Clinical implications

These findings reiterate the urgent need for greater psychosocial interventions targeted at improving QOL and psychological well-being in CABCS. The current study has shown that integrating education, social support (peer mentoring), and culture may be an effective intervention strategy that could potentially be adapted for cancer survivors of other ethnic and cultural groups.

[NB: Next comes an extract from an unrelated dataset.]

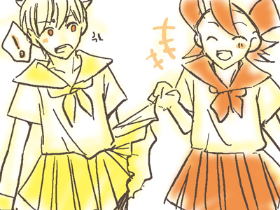 合意の上でないセクハラはこんな感じであろうかと絵にしてみました。スパッツを履いているからめくっても大丈夫。しかしこのあと確実に閻魔は刺されます。

Limitations and future directions

Our study was limited by having only two time points and no control group. Therefore, we cannot draw conclusions regarding any causal or long-term effects of the JLA on participants’ health. Future research should include multiple time points to assess participants’ QOL and psychological well-being over an extended time and should include a control group. Second, we did not examine the specific underlying mechanisms of the JLA intervention. Future work should examine the intervention components (e.g., education and peer mentoring) to better understand how they improve BCS’ well-being. Third, further work is needed to probe for important variables such as acculturation or social support that may potentially affect participant outcomes. Fourth, our sample was largely composed of participants with stage I–III breast cancer and thus, it was unclear whether the results were applicable to metastatic cancer patients. The JLA program was created to help women adjust during the transition from completing treatment to life after treatment. Because stage IV BCS have different needs compared with survivors in the earlier stages, and the interaction among peers may differ between those with early stage and later stage cancer diagnosis, future studies should be conducted to pilot test interventions that are specifically designed for stage IV BCS. Finally, the JLA intervention was designed to address the psychosocial needs of CABCS. Future studies should assess whether the components of the intervention are beneficial for cancer survivors from other cultural and ethnic backgrounds.

Despite these limitations, this intervention was associated with improvement in QOL and psychological well-being in the largely underserved and understudied group of immigrant CABCS, whose prognoses are usually worse than those of their US-born counterparts. Our study suggests that a culturally tailored social support program may be especially beneficial for cancer survivors, especially those from vulnerable groups, such as CABCS, who may face multiple barriers in receiving support.